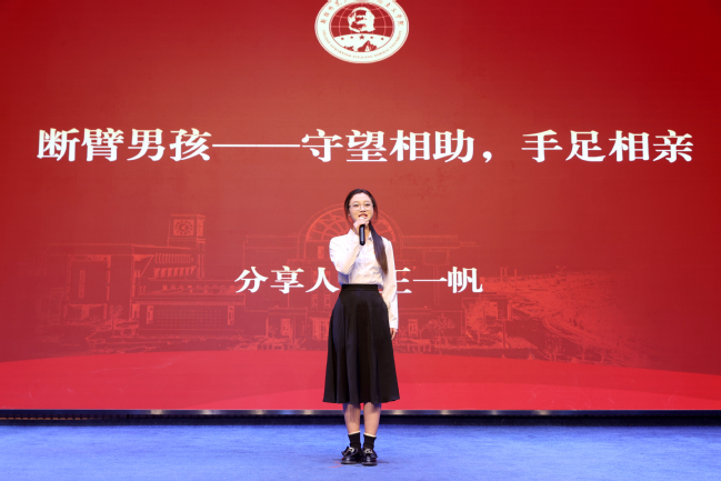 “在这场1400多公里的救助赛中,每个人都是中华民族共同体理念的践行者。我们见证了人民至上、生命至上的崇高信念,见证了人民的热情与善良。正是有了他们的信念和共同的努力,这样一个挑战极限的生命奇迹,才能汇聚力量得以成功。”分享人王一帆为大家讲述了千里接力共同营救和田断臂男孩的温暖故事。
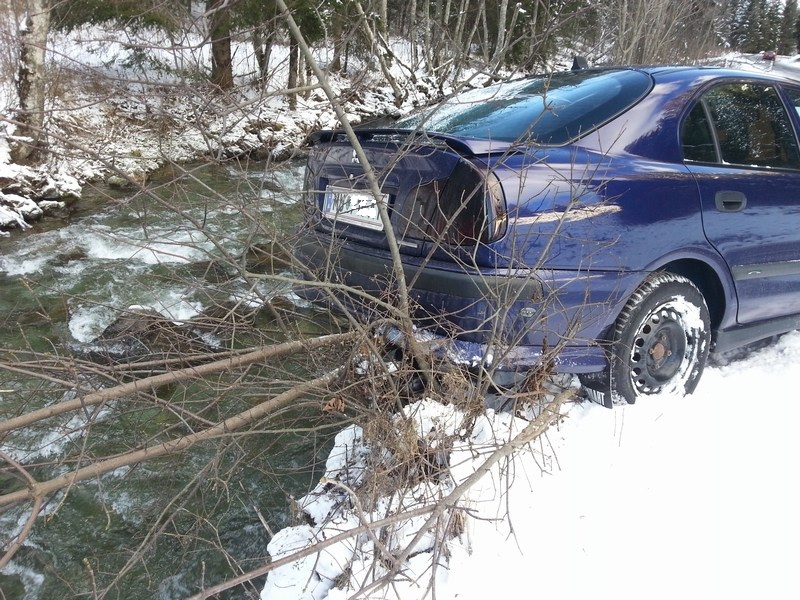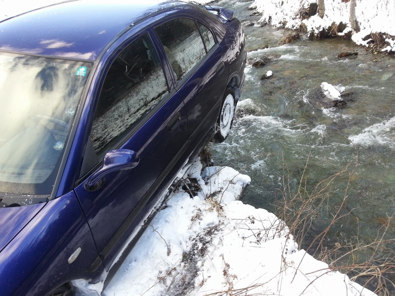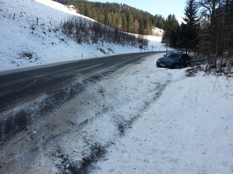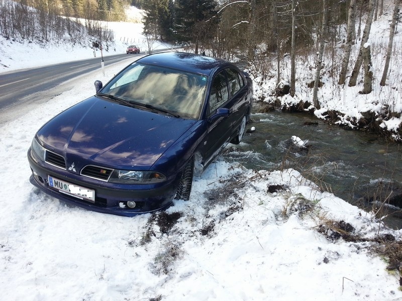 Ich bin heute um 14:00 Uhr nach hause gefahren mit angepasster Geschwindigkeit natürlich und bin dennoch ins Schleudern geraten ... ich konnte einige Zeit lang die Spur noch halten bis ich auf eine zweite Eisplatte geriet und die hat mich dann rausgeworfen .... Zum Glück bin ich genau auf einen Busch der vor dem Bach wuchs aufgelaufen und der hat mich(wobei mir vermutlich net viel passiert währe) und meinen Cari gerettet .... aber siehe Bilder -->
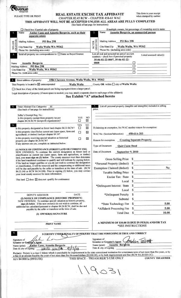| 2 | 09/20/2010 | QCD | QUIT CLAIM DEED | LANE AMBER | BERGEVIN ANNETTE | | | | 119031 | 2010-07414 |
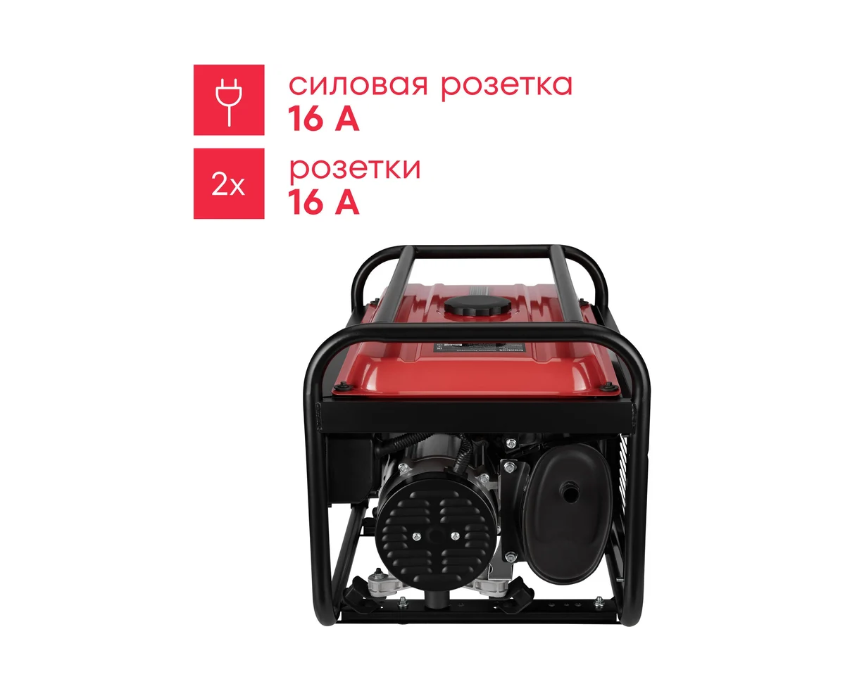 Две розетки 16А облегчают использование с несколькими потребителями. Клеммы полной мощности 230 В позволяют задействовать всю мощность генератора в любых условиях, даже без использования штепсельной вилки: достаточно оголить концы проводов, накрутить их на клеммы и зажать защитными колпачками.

::::

The result should be the full material above, word for word, with its pictures omitted.

 “在这场1400多公里的救助赛中,每个人都是中华民族共同体理念的践行者。我们见证了人民至上、生命至上的崇高信念,见证了人民的热情与善良。正是有了他们的信念和共同的努力,这样一个挑战极限的生命奇迹,才能汇聚力量得以成功。”分享人王一帆为大家讲述了千里接力共同营救和田断臂男孩的温暖故事。
 Ich bin heute um 14:00 Uhr nach hause gefahren mit angepasster Geschwindigkeit natürlich und bin dennoch ins Schleudern geraten ... ich konnte einige Zeit lang die Spur noch halten bis ich auf eine zweite Eisplatte geriet und die hat mich dann rausgeworfen .... Zum Glück bin ich genau auf einen Busch der vor dem Bach wuchs aufgelaufen und der hat mich(wobei mir vermutlich net viel passiert währe) und meinen Cari gerettet .... aber siehe Bilder -->
| 2 | 09/20/2010 | QCD | QUIT CLAIM DEED | LANE AMBER | BERGEVIN ANNETTE | | | | 119031 | 2010-07414 |
 Две розетки 16А облегчают использование с несколькими потребителями. Клеммы полной мощности 230 В позволяют задействовать всю мощность генератора в любых условиях, даже без использования штепсельной вилки: достаточно оголить концы проводов, накрутить их на клеммы и зажать защитными колпачками.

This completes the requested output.